• **TASK REQUIREMENTS**
Copies of all lines that contain "with" are needed; take them from the data below.

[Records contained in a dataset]
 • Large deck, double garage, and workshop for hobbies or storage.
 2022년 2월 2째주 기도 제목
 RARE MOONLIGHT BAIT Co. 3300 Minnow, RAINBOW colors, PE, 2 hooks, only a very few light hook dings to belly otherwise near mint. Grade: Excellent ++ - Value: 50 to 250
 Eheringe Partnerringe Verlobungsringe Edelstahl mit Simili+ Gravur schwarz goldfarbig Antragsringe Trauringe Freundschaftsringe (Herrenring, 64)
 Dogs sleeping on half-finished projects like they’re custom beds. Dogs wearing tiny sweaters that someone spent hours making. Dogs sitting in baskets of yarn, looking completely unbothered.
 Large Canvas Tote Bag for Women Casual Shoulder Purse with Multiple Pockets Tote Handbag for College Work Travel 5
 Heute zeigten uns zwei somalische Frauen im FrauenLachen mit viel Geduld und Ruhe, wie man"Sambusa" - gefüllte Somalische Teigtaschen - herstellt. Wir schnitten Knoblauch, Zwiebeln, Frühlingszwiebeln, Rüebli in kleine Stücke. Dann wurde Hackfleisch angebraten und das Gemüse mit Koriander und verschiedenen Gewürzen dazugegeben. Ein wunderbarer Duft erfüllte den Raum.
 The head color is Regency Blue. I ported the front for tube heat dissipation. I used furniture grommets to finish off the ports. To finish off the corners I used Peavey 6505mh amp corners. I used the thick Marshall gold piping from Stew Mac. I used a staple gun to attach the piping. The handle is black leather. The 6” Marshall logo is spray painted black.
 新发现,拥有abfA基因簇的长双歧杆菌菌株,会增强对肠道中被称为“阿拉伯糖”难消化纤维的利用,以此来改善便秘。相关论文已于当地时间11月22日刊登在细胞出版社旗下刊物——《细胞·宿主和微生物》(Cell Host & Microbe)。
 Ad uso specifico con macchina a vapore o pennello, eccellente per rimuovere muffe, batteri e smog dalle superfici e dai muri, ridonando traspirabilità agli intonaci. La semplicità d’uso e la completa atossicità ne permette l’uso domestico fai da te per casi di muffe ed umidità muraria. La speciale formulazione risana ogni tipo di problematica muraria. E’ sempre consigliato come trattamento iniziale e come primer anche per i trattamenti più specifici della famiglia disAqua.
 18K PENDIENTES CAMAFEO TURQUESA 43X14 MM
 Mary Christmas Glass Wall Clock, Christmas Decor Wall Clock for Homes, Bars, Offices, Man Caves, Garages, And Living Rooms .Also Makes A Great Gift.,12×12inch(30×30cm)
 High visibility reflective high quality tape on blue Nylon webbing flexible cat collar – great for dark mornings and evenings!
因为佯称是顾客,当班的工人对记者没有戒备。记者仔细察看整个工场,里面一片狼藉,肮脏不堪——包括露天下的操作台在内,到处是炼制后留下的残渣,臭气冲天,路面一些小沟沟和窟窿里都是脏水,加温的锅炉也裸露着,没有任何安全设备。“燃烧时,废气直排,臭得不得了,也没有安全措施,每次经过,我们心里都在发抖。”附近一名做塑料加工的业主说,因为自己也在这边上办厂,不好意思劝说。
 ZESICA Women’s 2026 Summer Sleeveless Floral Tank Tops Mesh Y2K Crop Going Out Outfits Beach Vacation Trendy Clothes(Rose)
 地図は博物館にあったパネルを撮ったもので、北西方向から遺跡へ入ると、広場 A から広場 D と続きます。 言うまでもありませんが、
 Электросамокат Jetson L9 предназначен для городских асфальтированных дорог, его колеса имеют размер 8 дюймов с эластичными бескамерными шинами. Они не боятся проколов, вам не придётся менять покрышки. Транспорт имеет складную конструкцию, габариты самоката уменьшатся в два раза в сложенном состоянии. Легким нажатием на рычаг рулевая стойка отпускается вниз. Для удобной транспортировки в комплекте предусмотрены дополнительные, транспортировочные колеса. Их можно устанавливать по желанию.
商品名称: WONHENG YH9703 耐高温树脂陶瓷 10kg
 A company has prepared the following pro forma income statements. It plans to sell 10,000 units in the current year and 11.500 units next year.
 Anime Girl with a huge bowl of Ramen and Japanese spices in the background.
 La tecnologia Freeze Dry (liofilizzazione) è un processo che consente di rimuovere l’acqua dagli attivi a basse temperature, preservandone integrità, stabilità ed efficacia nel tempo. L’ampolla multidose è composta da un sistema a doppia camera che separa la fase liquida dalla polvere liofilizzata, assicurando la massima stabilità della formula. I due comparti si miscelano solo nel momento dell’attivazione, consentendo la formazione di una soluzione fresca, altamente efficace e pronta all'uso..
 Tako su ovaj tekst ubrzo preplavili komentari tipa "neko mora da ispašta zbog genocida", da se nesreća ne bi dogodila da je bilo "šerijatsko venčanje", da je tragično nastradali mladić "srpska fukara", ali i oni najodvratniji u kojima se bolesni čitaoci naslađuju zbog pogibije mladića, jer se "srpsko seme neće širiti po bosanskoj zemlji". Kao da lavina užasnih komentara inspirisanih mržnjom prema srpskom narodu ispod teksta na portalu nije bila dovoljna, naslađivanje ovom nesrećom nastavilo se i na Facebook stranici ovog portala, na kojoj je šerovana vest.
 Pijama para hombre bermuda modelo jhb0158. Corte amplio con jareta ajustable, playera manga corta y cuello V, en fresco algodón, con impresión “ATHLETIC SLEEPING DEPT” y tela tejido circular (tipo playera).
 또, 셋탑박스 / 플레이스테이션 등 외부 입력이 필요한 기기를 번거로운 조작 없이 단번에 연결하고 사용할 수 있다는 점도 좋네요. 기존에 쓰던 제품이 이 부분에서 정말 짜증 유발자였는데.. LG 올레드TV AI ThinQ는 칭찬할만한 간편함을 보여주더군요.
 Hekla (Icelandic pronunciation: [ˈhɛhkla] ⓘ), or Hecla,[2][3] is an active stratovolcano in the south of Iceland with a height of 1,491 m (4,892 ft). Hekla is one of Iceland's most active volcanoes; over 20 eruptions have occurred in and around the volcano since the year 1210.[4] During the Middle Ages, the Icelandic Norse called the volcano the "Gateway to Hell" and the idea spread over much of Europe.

• **WRITTEN SOLUTION**
 Large Canvas Tote Bag for Women Casual Shoulder Purse with Multiple Pockets Tote Handbag for College Work Travel 5
 Anime Girl with a huge bowl of Ramen and Japanese spices in the background.
 Hekla (Icelandic pronunciation: [ˈhɛhkla] ⓘ), or Hecla,[2][3] is an active stratovolcano in the south of Iceland with a height of 1,491 m (4,892 ft). Hekla is one of Iceland's most active volcanoes; over 20 eruptions have occurred in and around the volcano since the year 1210.[4] During the Middle Ages, the Icelandic Norse called the volcano the "Gateway to Hell" and the idea spread over much of Europe.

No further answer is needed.